Featured Post

Click Here for Excerpts (and Reviews) for New Book

Wednesday, July 1, 2020

Oh, Those Japanese A-Bombs!

Another excerpt from my book, The Beginning or the End: How Hollywood--and America--Learned to Stop Worrying and Love the Bomb, coming on July 7.  Here on the MGM movie, the first on the atomic bomb: 

The script was adapted to emphasize the desire to portray the atomic attack in a heroic way, and as one absolutely necessary to save America from meeting the same fate. FDR now claims that his psychological warfare experts told him that the “Japs will fight right down to the women and children.” Now the "light flak" greeting the American bombers near Hiroshima--already an enormously revealing falsehood--has been transformed into "heavy flak." Even worse, when purely fictional Japanese fighter planes approach the Enola Gay, they are so close (in the movie) that the Americans need to return fire! The accident that dooms Matt Cochran’s life now occurs before Hiroshima, as he arms that bomb, not in the run-up to Nagasaki. This enabled the script to totally eliminate any depiction of the even more questionable second bomb. 

Even more revealing was the addition of two new, fictionalized, warnings about the Japanese obtaining atomic weapons to greet a U.S. invasion. One of them had Roosevelt musing, “Our latest intelligence worried me . . . the Japs may have atomic weapons before we do.”  Gen. Groves, as before, claims the half million U.S. death toll in an invasion will climb horribly if the Japanese greet the Allies with atomic bombs. But now, when a top U.S. military adviser warns, “The Germans have sent many atomic experts and materials to Japan by submarine,” all of those in the room “are shocked” (a sentiment that would have been shared by any serious historian, since nothing of the sort ever happened). The adviser continues, “We’re slapping down every sub that shows its nose, but some are bound to get through!” 

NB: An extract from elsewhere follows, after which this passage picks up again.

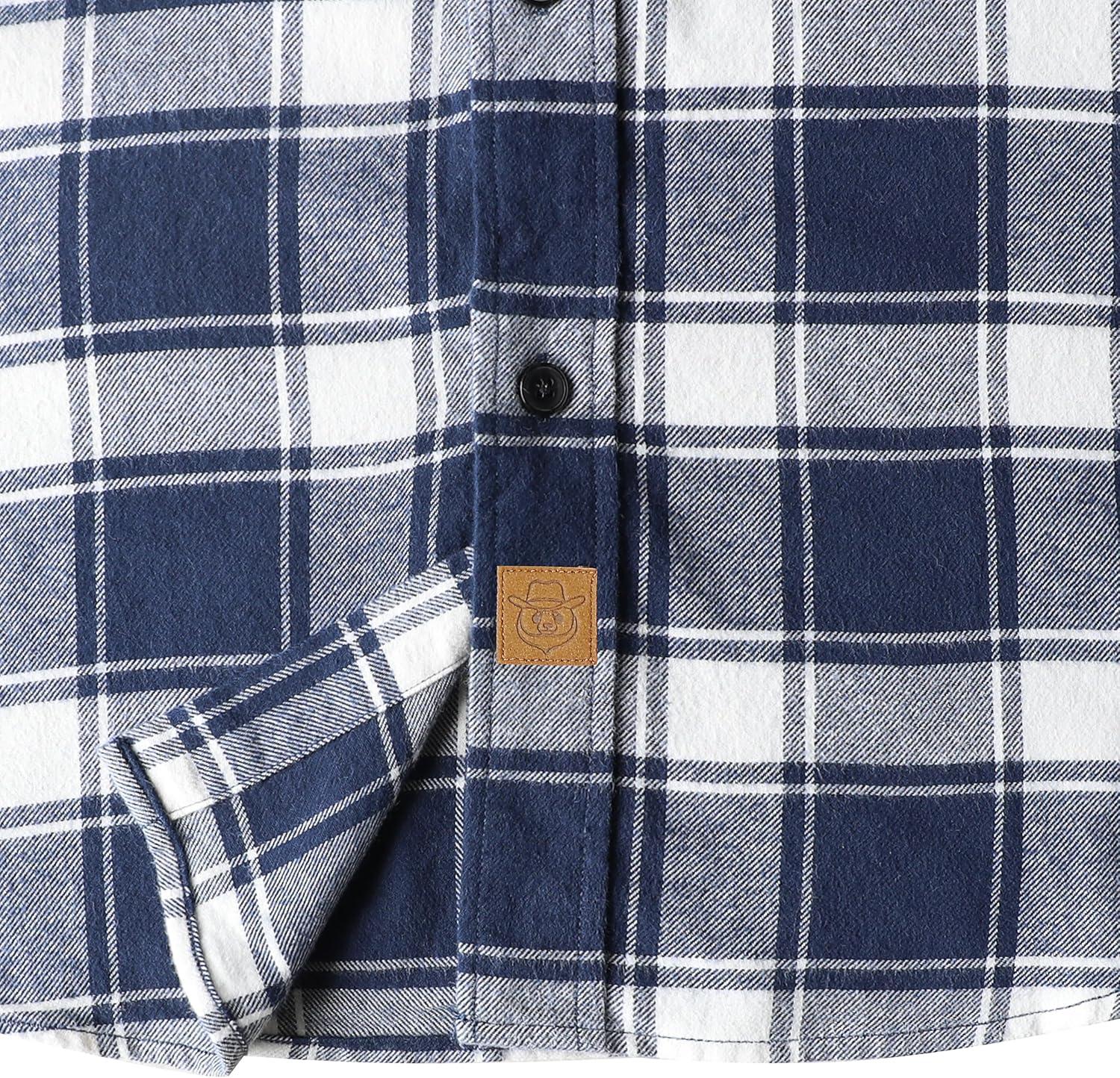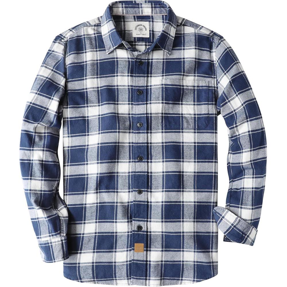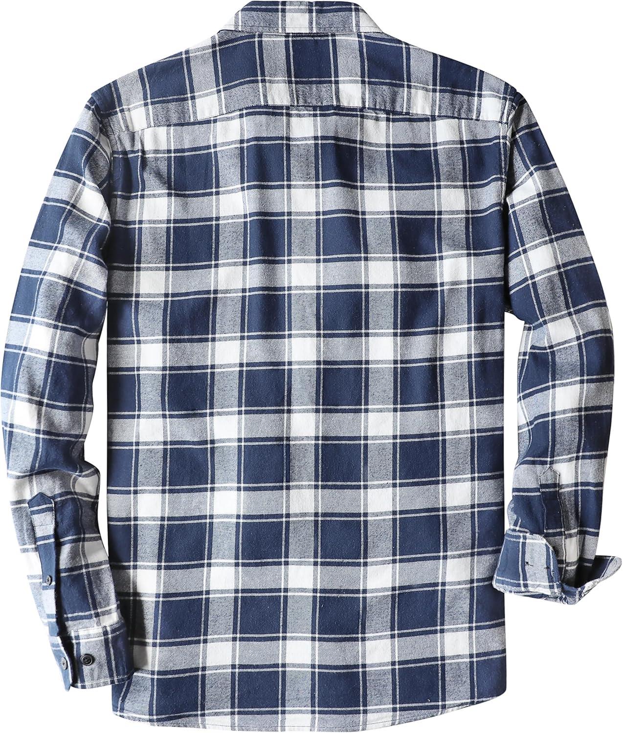 Dubinik® Flannel Shirt for Men Plaid Mens Button Down Long Sleeve Shirts Cotton Casual(White Navy Blue)

This desperate rewriting of the script, and history, culminated in the wildest scene yet, adding an element of unintentional black humor to the script. 

The setting: a cove near Tokyo very late in the war. Japanese sailors and scientists gaze off over the water with binoculars . . . and spot a submarine surfacing. A Nazi officer with his aides soon comes ashore. He is accompanied by a Dr. Schmidt, Germany’s leading atomic scientist. Professor Okani, a Japanese physicist, greets him, then tells his colleagues that Schmidt has brought uranium “and everything else we will need.” The Japanese have “factories, men and materials” ready for Schmidt to use to make his bomb. 

Schmidt says the only reason Hitler didn’t get the A-bomb first was because the German labs could not be protected from Allied bombs, but here on Japan “it will be different.” A Nazi officer booms: “Yes! We are not defeated. We can sink the enemy fleet, wipe out their men and bases and begin to fight our way back to Axis victory.” He adds: “Heil Hitler!” The Japanese respond, “Banzai Nippon!” 

And then the kicker. “We have prepared a fine laboratory for you,” Okani tells the Germans, “at our new Army Headquarters in . . . Hiroshima.”

This scene proved to be too much for even Groves to accept, and it would be deleted from the script. Nearly all of the other falsifications remained, however.